Welcome back Blogees. We get our Champions League campaign underway at the Stadion Maksimir in Zagreb tonight, and with a bit of luck, we’ll begin a sequence of four consecutive away games with a win.
First, some stats: No team has won more Champions League games without winning the trophy than we have (76), and no currently active manager has taken charge of more games in the competition than our very own Arsene Wenger (168).
We’ve won our last three away games in the Champions League and our opponents this evening, Dinamo Zagreb, have failed to keep a clean sheet in any of their last eight home games in the competition. The omens are good.
That said, when you make changes to a winning team, as we will tonight, there is always an increased possibility of the side not functioning at it’s best, so the players who come in, will need to be at their best to ensure we don’t look disjointed and play like a pack of complete strangers.

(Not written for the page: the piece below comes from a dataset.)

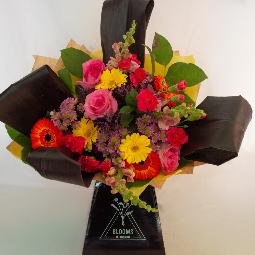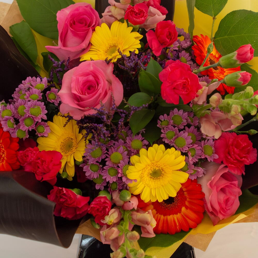 Живая и красочная смесь, этот букет сочетает оранжевые и жёлтые гермини с розовыми розами, львиным зевом, сиреневыми хризантемами сантини, вишнёвыми кустовыми гвоздиками и фиолетовым лимониумом. С акцентом на насыщенную тёмную листву, это смелая, радостная композиция, которая мгновенно добавляет яркости любому пространству.

It’s happened before, although with the overall quality of our squad vastly improved from seasons past, it’s less of a worry these days. For instance, Hector Bellerin has not made the trip and we can call upon an experienced French international like Mathieu Debuchy to cover for him.
That’s depth of quality, unlike bringing in Justin Hoyte for Bacary Sagna for example. And Arsene discussed just this topic at his pre-match press conference last night, when he was asked if he’d make changes to his team with specifically the Premier League game at Chelsea on Saturday in mind:
It is more the global programme we have to absorb in the next three weeks, rather than one (Chelsea) game. I knew since I [found out] our schedule that I have a squad of 20 players, all experienced and every decision I make is very difficult. It is quite easy to change two or three players, [more] than it was in years before because they are all at a very good level. I know the same team cannot play every single game over the next three weeks. I try to keep the balance right and give a little breather to players who need it.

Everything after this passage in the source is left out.